• **Task requirements**
In the listing below, find the line containing "Get a $10 rebate" and the line containing "約塞米蒂國家公園 (Yosemite National", then copy exactly everything from the first through the second, except the pictures.

• **Source material**

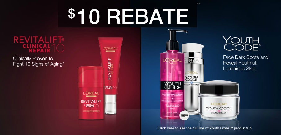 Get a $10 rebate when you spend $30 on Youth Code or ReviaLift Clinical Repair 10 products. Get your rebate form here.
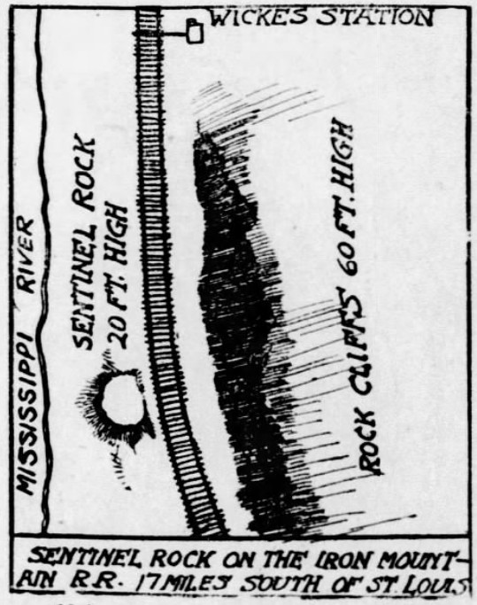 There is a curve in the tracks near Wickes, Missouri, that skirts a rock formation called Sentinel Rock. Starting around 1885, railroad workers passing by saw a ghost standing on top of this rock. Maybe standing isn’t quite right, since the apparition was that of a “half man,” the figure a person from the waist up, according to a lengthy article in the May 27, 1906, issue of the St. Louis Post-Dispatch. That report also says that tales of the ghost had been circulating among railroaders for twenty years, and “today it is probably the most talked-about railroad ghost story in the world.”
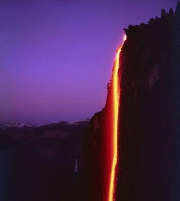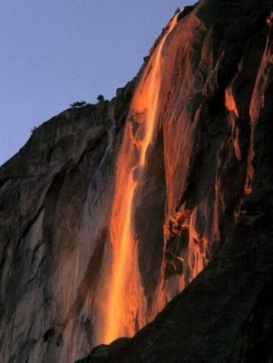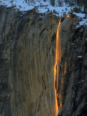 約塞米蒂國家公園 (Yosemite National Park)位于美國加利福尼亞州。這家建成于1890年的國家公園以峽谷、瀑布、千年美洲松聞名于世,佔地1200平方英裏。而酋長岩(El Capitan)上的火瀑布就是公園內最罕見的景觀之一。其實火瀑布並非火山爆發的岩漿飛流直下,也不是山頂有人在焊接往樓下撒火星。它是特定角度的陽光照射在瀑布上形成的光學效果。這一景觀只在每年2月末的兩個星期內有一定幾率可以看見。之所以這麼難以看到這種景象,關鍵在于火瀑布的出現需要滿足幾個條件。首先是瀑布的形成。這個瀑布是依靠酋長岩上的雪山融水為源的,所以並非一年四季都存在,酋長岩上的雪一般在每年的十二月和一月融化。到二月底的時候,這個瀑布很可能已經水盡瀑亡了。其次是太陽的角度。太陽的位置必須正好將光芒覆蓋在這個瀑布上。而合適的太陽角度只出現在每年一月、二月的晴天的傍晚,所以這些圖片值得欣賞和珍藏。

==

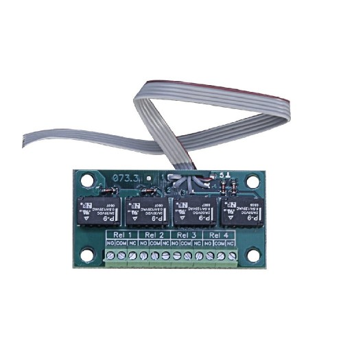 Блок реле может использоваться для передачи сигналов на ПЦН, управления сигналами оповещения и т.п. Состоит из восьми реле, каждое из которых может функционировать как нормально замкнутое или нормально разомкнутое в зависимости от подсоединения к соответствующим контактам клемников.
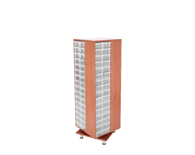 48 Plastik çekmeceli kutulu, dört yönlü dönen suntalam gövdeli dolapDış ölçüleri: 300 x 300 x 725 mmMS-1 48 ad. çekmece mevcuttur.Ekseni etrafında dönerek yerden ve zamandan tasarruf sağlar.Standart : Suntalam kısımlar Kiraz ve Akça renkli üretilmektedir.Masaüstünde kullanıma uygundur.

• **Result below**
 Get a $10 rebate when you spend $30 on Youth Code or ReviaLift Clinical Repair 10 products. Get your rebate form here.
 There is a curve in the tracks near Wickes, Missouri, that skirts a rock formation called Sentinel Rock. Starting around 1885, railroad workers passing by saw a ghost standing on top of this rock. Maybe standing isn’t quite right, since the apparition was that of a “half man,” the figure a person from the waist up, according to a lengthy article in the May 27, 1906, issue of the St. Louis Post-Dispatch. That report also says that tales of the ghost had been circulating among railroaders for twenty years, and “today it is probably the most talked-about railroad ghost story in the world.”
 約塞米蒂國家公園 (Yosemite National Park)位于美國加利福尼亞州。這家建成于1890年的國家公園以峽谷、瀑布、千年美洲松聞名于世,佔地1200平方英裏。而酋長岩(El Capitan)上的火瀑布就是公園內最罕見的景觀之一。其實火瀑布並非火山爆發的岩漿飛流直下,也不是山頂有人在焊接往樓下撒火星。它是特定角度的陽光照射在瀑布上形成的光學效果。這一景觀只在每年2月末的兩個星期內有一定幾率可以看見。之所以這麼難以看到這種景象,關鍵在于火瀑布的出現需要滿足幾個條件。首先是瀑布的形成。這個瀑布是依靠酋長岩上的雪山融水為源的,所以並非一年四季都存在,酋長岩上的雪一般在每年的十二月和一月融化。到二月底的時候,這個瀑布很可能已經水盡瀑亡了。其次是太陽的角度。太陽的位置必須正好將光芒覆蓋在這個瀑布上。而合適的太陽角度只出現在每年一月、二月的晴天的傍晚,所以這些圖片值得欣賞和珍藏。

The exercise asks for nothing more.